* **Assignment**
Count every line of the material that holds the string "para". Respond with the total only.
*** Block opens ***
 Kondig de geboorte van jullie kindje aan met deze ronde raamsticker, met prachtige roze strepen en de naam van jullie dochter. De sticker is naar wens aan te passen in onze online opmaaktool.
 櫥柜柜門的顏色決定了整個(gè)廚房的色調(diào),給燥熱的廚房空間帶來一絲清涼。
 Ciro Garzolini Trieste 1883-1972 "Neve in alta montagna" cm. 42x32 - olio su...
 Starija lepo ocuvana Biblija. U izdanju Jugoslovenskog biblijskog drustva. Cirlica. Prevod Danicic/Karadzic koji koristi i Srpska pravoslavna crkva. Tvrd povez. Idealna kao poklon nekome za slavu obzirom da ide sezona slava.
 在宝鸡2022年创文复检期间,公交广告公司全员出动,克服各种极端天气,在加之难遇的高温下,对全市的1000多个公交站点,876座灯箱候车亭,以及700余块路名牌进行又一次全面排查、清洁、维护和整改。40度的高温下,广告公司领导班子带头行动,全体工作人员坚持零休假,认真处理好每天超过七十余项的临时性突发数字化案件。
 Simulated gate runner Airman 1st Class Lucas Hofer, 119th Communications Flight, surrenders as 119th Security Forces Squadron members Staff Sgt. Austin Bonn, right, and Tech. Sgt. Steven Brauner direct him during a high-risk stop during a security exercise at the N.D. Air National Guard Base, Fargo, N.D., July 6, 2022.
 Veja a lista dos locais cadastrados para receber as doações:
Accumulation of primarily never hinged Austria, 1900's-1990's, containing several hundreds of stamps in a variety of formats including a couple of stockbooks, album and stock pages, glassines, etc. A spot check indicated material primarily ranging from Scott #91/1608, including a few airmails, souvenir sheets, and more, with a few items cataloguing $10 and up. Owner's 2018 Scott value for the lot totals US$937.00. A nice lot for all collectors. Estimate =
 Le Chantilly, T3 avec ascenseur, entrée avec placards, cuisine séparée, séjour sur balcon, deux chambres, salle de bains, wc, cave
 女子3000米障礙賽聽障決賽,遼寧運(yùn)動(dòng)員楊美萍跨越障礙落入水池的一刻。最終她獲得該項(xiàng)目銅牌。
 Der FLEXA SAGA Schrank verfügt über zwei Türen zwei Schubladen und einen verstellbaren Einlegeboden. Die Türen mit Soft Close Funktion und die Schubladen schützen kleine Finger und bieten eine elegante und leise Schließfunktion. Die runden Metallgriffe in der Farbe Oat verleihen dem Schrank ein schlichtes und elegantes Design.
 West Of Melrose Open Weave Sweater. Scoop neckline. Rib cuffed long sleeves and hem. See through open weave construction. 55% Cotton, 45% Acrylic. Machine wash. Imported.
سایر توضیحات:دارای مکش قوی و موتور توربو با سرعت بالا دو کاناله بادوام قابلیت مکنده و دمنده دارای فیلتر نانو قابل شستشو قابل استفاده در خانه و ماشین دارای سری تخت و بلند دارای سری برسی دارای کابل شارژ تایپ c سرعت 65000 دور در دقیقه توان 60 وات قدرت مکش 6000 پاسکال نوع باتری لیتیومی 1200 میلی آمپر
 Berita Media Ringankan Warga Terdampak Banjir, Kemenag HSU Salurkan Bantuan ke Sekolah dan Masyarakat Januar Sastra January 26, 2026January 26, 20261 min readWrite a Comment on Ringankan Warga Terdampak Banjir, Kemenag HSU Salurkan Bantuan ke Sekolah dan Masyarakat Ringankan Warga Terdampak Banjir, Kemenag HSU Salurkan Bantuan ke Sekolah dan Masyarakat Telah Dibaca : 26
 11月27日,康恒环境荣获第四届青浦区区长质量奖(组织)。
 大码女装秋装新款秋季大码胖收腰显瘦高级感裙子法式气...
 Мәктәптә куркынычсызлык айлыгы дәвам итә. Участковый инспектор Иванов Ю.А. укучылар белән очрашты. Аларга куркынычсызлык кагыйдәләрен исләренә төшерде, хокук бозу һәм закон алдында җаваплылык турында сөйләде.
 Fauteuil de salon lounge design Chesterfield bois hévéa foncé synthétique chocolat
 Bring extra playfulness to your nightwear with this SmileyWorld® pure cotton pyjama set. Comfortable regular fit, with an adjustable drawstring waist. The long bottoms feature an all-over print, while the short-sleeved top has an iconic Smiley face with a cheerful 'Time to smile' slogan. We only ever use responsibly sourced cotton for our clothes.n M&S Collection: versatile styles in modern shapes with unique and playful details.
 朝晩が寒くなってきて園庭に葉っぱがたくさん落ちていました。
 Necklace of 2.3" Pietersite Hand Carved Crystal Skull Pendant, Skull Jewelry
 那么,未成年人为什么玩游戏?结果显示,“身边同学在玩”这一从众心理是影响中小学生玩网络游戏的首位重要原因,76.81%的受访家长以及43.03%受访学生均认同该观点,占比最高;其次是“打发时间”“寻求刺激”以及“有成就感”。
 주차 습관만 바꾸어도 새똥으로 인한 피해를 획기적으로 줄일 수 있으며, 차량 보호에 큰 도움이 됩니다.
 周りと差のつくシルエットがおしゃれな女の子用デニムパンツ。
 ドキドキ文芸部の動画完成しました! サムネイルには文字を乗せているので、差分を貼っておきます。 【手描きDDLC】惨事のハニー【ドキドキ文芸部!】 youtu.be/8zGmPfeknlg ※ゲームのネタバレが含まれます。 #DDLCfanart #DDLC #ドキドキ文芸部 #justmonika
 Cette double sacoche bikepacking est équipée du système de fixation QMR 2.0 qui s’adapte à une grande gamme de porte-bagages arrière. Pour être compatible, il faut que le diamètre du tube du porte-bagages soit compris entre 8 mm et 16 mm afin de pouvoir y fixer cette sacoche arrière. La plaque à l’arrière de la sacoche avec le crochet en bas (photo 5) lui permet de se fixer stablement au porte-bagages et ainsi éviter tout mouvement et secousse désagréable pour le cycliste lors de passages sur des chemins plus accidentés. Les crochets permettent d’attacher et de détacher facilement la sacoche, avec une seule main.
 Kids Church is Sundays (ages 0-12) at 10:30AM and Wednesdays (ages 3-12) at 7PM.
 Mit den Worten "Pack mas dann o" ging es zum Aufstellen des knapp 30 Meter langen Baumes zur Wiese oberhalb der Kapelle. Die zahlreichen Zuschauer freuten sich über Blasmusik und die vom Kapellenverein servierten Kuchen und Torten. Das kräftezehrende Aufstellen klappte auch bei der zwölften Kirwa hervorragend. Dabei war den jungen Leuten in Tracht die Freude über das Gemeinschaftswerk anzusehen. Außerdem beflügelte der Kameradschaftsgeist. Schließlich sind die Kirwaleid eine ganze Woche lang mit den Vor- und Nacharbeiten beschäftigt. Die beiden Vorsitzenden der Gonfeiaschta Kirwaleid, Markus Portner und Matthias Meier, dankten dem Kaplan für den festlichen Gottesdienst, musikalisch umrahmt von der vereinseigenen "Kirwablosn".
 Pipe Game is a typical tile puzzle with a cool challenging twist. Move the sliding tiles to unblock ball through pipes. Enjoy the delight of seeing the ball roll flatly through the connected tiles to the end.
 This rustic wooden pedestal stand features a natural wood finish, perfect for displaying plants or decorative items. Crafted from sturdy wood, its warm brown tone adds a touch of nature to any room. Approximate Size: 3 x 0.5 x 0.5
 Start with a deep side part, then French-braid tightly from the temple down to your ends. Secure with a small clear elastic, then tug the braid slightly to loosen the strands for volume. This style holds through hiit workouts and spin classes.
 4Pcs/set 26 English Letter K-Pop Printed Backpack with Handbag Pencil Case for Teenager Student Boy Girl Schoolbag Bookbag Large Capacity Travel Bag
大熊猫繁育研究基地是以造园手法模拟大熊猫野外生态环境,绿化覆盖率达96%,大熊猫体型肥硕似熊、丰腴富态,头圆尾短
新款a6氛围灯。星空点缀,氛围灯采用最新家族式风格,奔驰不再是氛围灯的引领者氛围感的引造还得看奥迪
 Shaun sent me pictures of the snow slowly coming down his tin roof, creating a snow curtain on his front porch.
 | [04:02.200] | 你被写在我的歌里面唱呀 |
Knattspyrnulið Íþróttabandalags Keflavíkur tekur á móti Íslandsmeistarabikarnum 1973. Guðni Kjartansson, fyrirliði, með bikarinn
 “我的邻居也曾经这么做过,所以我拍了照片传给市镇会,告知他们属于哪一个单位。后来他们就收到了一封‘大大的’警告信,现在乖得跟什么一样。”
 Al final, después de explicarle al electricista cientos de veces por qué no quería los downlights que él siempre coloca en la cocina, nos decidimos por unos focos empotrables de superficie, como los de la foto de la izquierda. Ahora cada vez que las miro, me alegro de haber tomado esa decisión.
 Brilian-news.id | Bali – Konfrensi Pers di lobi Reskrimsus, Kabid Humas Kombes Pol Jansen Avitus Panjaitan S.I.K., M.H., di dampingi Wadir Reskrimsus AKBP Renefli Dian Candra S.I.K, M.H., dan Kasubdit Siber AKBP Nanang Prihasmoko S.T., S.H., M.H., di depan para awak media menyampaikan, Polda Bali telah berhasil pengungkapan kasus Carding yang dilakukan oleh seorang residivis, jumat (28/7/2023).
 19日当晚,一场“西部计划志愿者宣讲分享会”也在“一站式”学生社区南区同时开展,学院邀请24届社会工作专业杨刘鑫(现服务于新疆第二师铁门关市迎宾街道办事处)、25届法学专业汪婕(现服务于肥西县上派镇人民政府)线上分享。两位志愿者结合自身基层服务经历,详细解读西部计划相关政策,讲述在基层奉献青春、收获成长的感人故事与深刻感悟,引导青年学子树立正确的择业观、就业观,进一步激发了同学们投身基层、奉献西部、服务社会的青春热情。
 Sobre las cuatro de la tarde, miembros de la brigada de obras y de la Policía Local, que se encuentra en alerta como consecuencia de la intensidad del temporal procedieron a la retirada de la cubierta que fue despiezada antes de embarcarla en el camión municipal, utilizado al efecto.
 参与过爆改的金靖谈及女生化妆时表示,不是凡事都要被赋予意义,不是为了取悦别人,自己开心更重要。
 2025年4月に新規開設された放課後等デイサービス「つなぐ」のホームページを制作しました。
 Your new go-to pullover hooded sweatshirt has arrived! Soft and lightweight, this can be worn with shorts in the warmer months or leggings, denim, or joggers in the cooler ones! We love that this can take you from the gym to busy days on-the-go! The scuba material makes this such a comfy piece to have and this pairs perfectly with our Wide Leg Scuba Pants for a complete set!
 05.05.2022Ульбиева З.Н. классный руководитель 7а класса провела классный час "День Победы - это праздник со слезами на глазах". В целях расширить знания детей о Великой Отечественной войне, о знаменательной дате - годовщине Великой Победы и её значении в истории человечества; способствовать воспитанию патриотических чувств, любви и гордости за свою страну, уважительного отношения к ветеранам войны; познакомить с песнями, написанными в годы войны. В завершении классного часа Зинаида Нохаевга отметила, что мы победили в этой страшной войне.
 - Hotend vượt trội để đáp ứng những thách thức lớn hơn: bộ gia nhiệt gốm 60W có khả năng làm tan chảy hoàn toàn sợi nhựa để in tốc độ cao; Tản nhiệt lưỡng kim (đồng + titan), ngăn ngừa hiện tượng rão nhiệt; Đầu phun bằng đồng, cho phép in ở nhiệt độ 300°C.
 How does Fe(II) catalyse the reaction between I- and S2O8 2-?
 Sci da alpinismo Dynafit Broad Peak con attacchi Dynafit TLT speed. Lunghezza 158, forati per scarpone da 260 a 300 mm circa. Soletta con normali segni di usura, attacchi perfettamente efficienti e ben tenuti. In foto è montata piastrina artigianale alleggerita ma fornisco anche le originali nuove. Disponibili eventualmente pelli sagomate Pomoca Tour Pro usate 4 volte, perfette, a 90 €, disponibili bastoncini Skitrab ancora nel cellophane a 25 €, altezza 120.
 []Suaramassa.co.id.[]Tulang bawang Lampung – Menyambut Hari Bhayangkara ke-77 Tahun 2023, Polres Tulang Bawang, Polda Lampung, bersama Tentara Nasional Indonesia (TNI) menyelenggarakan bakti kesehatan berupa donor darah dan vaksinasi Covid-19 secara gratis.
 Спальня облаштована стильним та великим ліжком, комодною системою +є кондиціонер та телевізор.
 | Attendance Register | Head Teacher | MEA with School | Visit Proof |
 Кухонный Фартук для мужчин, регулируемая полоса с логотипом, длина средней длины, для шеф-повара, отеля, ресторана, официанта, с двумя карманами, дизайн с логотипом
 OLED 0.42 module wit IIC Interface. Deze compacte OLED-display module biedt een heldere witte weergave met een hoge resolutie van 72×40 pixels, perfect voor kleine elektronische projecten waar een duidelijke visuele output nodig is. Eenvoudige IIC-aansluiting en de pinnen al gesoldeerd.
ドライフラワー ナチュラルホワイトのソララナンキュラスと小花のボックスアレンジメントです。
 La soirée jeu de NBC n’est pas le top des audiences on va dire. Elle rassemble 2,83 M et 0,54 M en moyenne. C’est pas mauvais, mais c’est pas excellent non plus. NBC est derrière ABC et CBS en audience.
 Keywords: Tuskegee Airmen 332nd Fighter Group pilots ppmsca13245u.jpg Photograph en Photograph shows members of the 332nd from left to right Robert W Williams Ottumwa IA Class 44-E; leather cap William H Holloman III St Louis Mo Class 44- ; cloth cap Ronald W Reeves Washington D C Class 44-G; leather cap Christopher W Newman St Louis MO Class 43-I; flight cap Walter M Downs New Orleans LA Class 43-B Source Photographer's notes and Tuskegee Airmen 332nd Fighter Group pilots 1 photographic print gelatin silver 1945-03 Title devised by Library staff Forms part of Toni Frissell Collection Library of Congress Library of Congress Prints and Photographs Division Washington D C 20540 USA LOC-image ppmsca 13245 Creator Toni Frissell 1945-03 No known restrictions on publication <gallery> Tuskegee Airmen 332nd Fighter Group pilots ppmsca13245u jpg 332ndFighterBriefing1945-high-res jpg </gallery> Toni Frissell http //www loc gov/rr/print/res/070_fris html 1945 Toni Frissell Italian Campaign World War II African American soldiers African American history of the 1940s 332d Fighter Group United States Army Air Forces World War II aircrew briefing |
*** Block closes ***
* **Answer section**
2